| PROBLEM STATEMENT |
Write out nothing except the lines of the entries below, from the first through the one containing "Respecto de los", exactly and without pictures.

| SOURCE RECORDS |
# # # # # # #
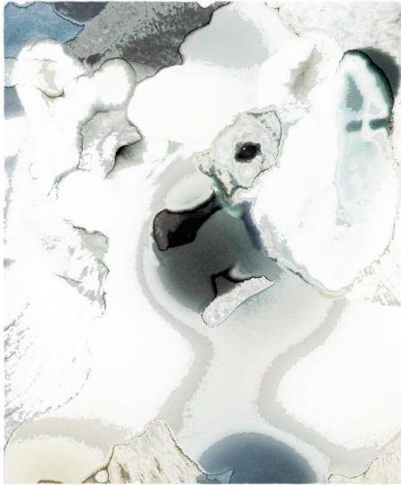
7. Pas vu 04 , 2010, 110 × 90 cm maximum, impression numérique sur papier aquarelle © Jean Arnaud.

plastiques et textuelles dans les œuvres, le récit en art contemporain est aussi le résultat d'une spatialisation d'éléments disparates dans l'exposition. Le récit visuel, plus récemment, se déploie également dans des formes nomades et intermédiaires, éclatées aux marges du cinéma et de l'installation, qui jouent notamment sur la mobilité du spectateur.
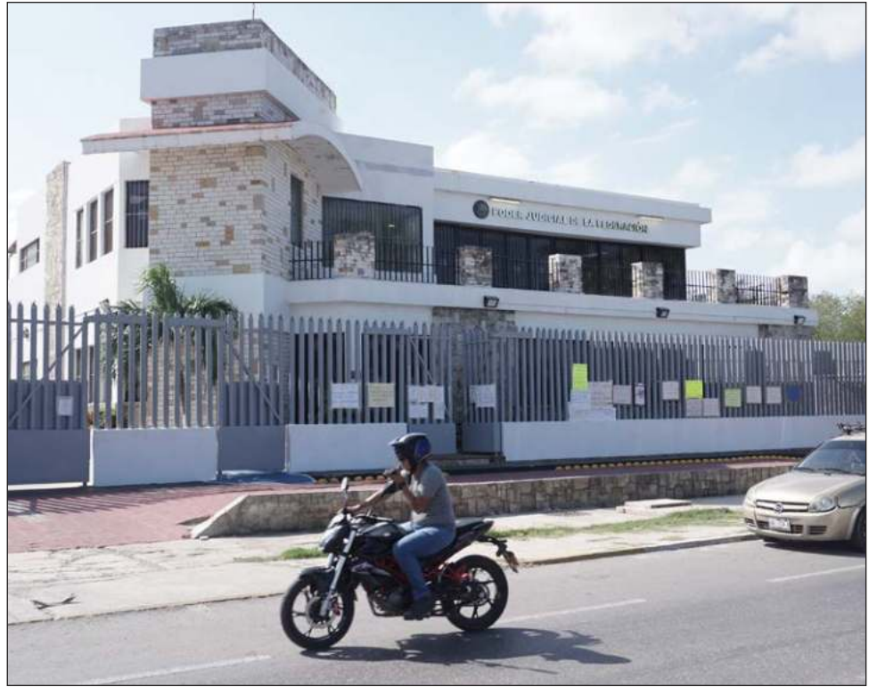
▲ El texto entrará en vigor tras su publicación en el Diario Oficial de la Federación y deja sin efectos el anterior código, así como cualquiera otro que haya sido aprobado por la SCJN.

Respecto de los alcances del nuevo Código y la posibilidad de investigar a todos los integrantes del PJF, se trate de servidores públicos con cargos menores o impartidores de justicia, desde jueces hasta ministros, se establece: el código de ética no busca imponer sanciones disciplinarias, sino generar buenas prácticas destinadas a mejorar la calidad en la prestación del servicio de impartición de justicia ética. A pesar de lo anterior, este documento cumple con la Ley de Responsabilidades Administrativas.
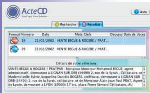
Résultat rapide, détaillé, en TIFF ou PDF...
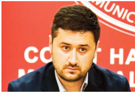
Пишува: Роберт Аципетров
# # # # # # #
| COMPLETED EXERCISE |
7. Pas vu 04 , 2010, 110 × 90 cm maximum, impression numérique sur papier aquarelle © Jean Arnaud.

plastiques et textuelles dans les œuvres, le récit en art contemporain est aussi le résultat d'une spatialisation d'éléments disparates dans l'exposition. Le récit visuel, plus récemment, se déploie également dans des formes nomades et intermédiaires, éclatées aux marges du cinéma et de l'installation, qui jouent notamment sur la mobilité du spectateur.
▲ El texto entrará en vigor tras su publicación en el Diario Oficial de la Federación y deja sin efectos el anterior código, así como cualquiera otro que haya sido aprobado por la SCJN.

Respecto de los alcances del nuevo Código y la posibilidad de investigar a todos los integrantes del PJF, se trate de servidores públicos con cargos menores o impartidores de justicia, desde jueces hasta ministros, se establece: el código de ética no busca imponer sanciones disciplinarias, sino generar buenas prácticas destinadas a mejorar la calidad en la prestación del servicio de impartición de justicia ética. A pesar de lo anterior, este documento cumple con la Ley de Responsabilidades Administrativas.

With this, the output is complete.